Here are a few excerpts from this fascinating work:
[pg 11] On this view, we recognize science to be the search for algorithmic compressions. We list sequences of observed data. We try to formulate algorithms that compactly represent the information content of those sequences. Then we test the correctness of our hypothetical abbreviations by using them to predict the next terms in the string. These predictions can then be compared with the future direction of the data sequence. Without the development of algorithmic compressions of data all science would be replaced by mindless stamp collecting – the indiscriminate accumulation of every available fact. Science is predicated upon the belief that the Universe is algorithmically compressible and the modern search for a Theory of Everything is the ultimate expression of that belief, a belief that there is an abbreviated representation of the logic [pg 12] behind the Universe’s properties that can be written down in finite form by human beings.

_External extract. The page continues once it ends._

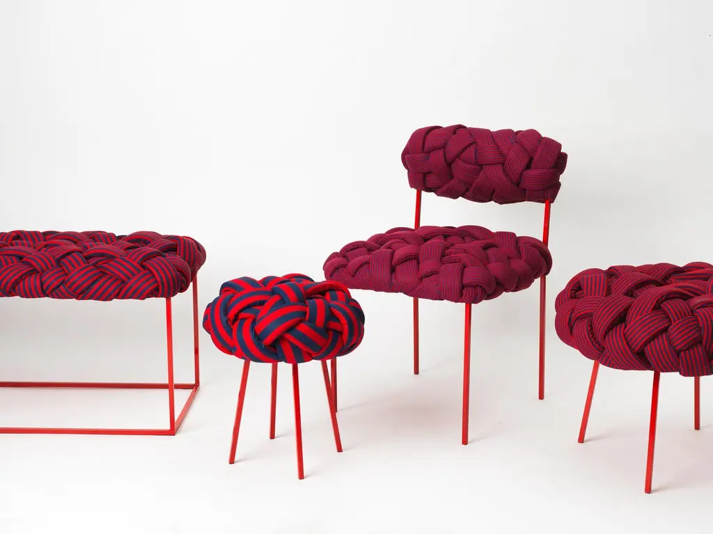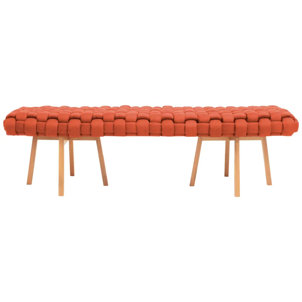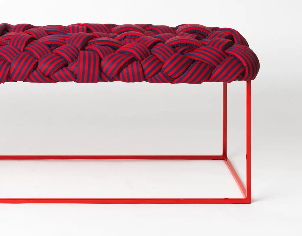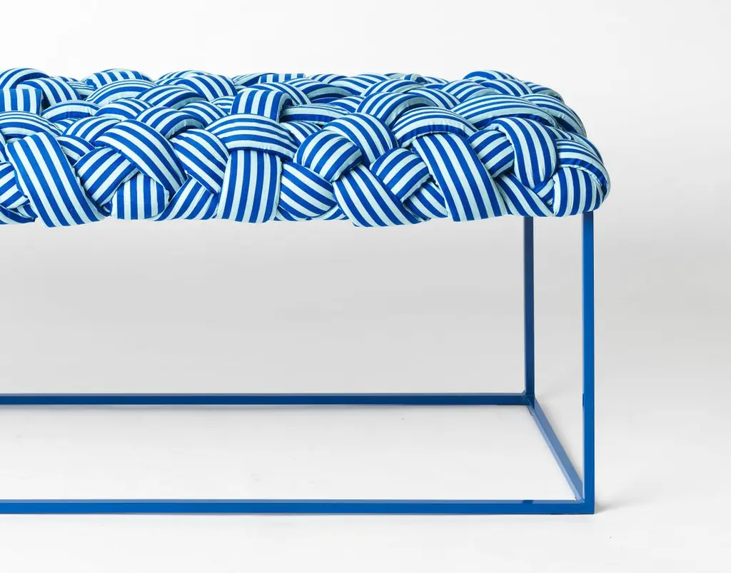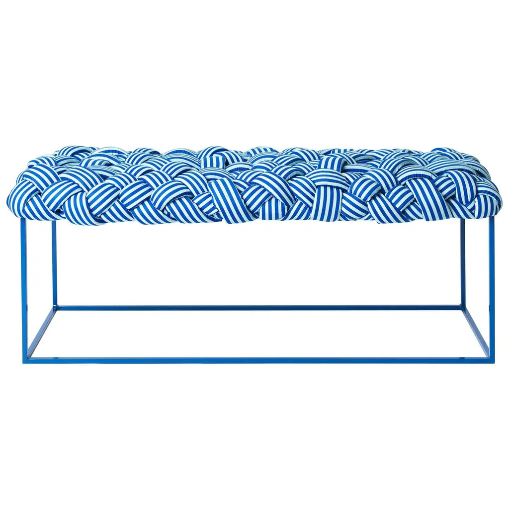 This contemporary bench is from the Cloud collection, which was created around the concept of trees. These contemporary pieces are made with cotton fabric and foam stripes, woven and stitched by hand. Each bench is unique, as the result of the manual process of fabrication. Dimensions may vary within a 5 cm limit due to manual manufacturing process.

[pg 52] [quoting Freeman Dyson] Godel proved that the world of pure mathematics is inexhaustible; no finite set of axioms and rules of inference can ever encompass the whole of mathematics; given any set of axioms, we can find meaningful mathematical questions which the axioms leave unanswered. I hope that an analogous situation exists in the physical world. If my view of the future is correct, it means that the world of physics and astronomy is also inexhaustible; no matter how far we got into the future, there will always be new things happening, new information coming in, new worlds to explore, a constantly expanding domain of life, consciousness, and memory.
[pg 113] [quoting Albert Einstein] however, we select from nature a complex [of phenomena] using the criterion of simplicity, in no case will its theoretical treatment turn out to be forever appropriate. … But I do not doubt that the day will come when that description [the general theory of relativity], too, will have to yield to another one, for reasons which at present we do not yet surmise. I believe that this process of deepening the theory has no limits.
[pg 121] There is no reason why life has to evolve in the Universe. Such complex step-by-step processes are not predictable because of their very sensitive dependence upon the starting conditions and upon subtle interactions between the evolving state and the ambient environment. All we can assert with confidence is a negative: if the constants of Nature were not within one percent or so of their observed values, then the basic buildings blocks of life would not exist in sufficient profusion in the Universe. Moreover, changes like this would affect the very stability of the elements and prevent the existence of the required elements rather than merely suppress their abundance.
[pg 138] Somehow the breathless world that we witness seems far removed from the timeless laws of Nature which govern the elementary particles and forces of Nature. The reason is clear. We do not observe the laws of Nature: we observe their outcomes. Since these laws find their most efficient representation as mathematical equations, we might say that we see only the solutions of those equations not the equations themselves. This is the secret which reconciles the complexity observed in Nature with the advertised simplicity of her laws.
[pg 222] That is, the physicist likes to learn from particular illustrations of a general abstract concept. The mathematician, on the other hand, often eschews the particular in pursuit of the most abstract and general formulation possible. Although the mathematician may think from, or through, particular concrete examples in coming to appreciate the likely truth of very general statements, he will hide all those intuitive steps when he comes to present the conclusions of his thinking to outsiders. It presents the results of research as a hierarchy of definitions, theorems and proofs after the manner of Euclid; this minimizes unnecessary words but very effectively disguises the natural train of thought that led to the original results.
[pg 231] In practice, the intelligibility of the world amounts to the fact that we find it to be algorithmically compressible. We can replace sequences of facts and observational data by abbreviated statements which contain the same information content. These abbreviations we often call “laws of Nature.” If the world were not algorithmically compressible, then there would exist no simple laws of nature. Instead of using the law of gravitation to compute the orbits of the planets at whatever time in history we want to know them, we would have to keep precise records of the positions of the planets at all past times; yet this would still not help us one iota in predicting where they would be at any time in the future. This world is potentially and actually intelligible because at some level it is extensively algorithmically compressible. At root, this is why mathematics can work as a description of the physical world. It is the most [pg 232] expedient language that we have found in which to express those algorithmic compressions.